Noah nodded. He held her gaze while he listened to what his father was saying, then he related Paige’s suggestions. “Sara wouldn’t want to just vanish. She’s not—”

“An unhappy child,” Paige said into the mouthpiece. “She’s adjusted well at Mount Court. She likes it here. If anything—”

“I’d imagine her getting on the first plane out of San Francisco—”

“And flying back here,” she finished.

“Hi, guys,” came a voice from the door.

Paige and Noah swung around to face Sara, who was grinning from ear to ear.

Noah let out a sigh of relief. While Paige left his side and wrapped her arms around Sara, he told his father, “She just walked in. She looks fine.” He cleared his throat. “I’m dying to hear how she got here. Do me a favor and call Liv, Dad? Tell her I’ll talk with her another time.” He hung up the phone.

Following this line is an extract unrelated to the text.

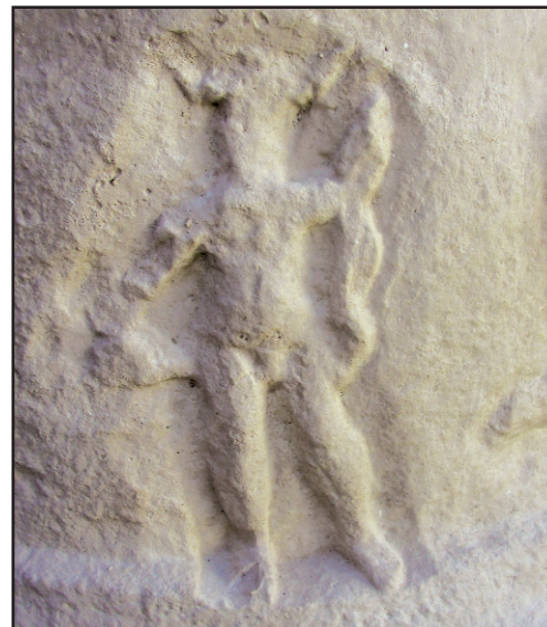
Sl. 7. Prikaz boga Merkura na cippusu br. 1. Fig. 7. Representation of a deity Mercury on the cippus No. 1.

na ovoj spomeničkoj kategoriji. Oba su cipusa pronađena na Aseriji u novim istraživačkim kampanjama. 14 S primjercima koje ovdje obrađujem /br. 1, 2/, na kojima u jednom slučaju horizontalnu cvjetnu girlandu drže eroti, a u drugom ona visi na stupovima od prepletenog lišća – okomitim girlandama, Aserija je ukupno dala pet potvrda uporabe ovoga dekorativnog elementa na sepulkralnim spomenicima – liburnskim cippusima.

Paige was still holding Sara—protecting her, she fancied, from whatever punishment Noah had in mind. Then Noah’s arms encircled them both, and she released her breath.

 

Noah wanted to be angry at Sara but couldn’t. She hadn’t gone to see a friend; she had come home to him. That meant the world to him. Moreover, when she explained that she had taken a cab to the airport, changed her ticket to a flight one day earlier, and taken another cab first to Mount Court, then to Paige’s, he couldn’t find much fault. She had used common sense. At no time had she done anything dangerous—thoughtless, perhaps, in that she’d given her mother a scare, but she’d been angry. It seemed that Liv had done little more than spend Thanksgiving Day with Sara. She had a new boyfriend, with whom she spent most of her time. Sara had been very much on her own.

Noah was furious at Liv, though not surprised. She was a selfish woman. He had every intention of telling her so when they spoke.

“She told me to visit my friends,” Sara said, holding Sami on her lap, while Noah, Paige, and Nonny sat nearby, “but there wasn’t anybody to see. My two closest friends were away, and the others didn’t want to see me any more than I wanted to see them. I wanted to say hi to Jeff—he was my stepdad for so long and I have his name, for God’s sake—but she forbade it. So there was nothing to do. I figured that I could just as well do nothing here.”